**What to produce**
In the listing below, print exactly the lines between the line holding "Las patas metálicas" and the line holding "Mit 48 cm Räumbreite", inclusive, and no more.

Records provided START

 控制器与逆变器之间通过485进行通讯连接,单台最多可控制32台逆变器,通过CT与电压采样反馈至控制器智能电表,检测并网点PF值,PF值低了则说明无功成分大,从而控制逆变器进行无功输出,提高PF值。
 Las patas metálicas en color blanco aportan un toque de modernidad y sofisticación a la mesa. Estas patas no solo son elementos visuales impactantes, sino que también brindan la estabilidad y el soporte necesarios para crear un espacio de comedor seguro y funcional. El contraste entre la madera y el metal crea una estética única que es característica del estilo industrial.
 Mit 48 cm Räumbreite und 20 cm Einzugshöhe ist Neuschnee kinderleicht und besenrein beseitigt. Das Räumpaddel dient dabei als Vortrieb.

Records provided END
Records provided START

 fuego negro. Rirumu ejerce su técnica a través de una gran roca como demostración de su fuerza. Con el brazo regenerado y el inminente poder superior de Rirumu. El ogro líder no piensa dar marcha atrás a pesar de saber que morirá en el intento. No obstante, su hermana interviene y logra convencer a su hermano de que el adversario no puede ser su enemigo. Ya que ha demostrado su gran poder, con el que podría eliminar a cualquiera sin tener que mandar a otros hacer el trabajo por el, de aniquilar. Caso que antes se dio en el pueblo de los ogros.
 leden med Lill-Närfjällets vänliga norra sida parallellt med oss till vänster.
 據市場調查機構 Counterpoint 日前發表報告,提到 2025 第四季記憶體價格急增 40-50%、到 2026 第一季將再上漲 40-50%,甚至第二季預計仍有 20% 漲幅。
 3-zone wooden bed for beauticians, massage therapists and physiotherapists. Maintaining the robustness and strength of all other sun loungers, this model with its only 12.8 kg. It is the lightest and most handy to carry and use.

Records provided END

**Your response**
 Las patas metálicas en color blanco aportan un toque de modernidad y sofisticación a la mesa. Estas patas no solo son elementos visuales impactantes, sino que también brindan la estabilidad y el soporte necesarios para crear un espacio de comedor seguro y funcional. El contraste entre la madera y el metal crea una estética única que es característica del estilo industrial.
 Mit 48 cm Räumbreite und 20 cm Einzugshöhe ist Neuschnee kinderleicht und besenrein beseitigt. Das Räumpaddel dient dabei als Vortrieb.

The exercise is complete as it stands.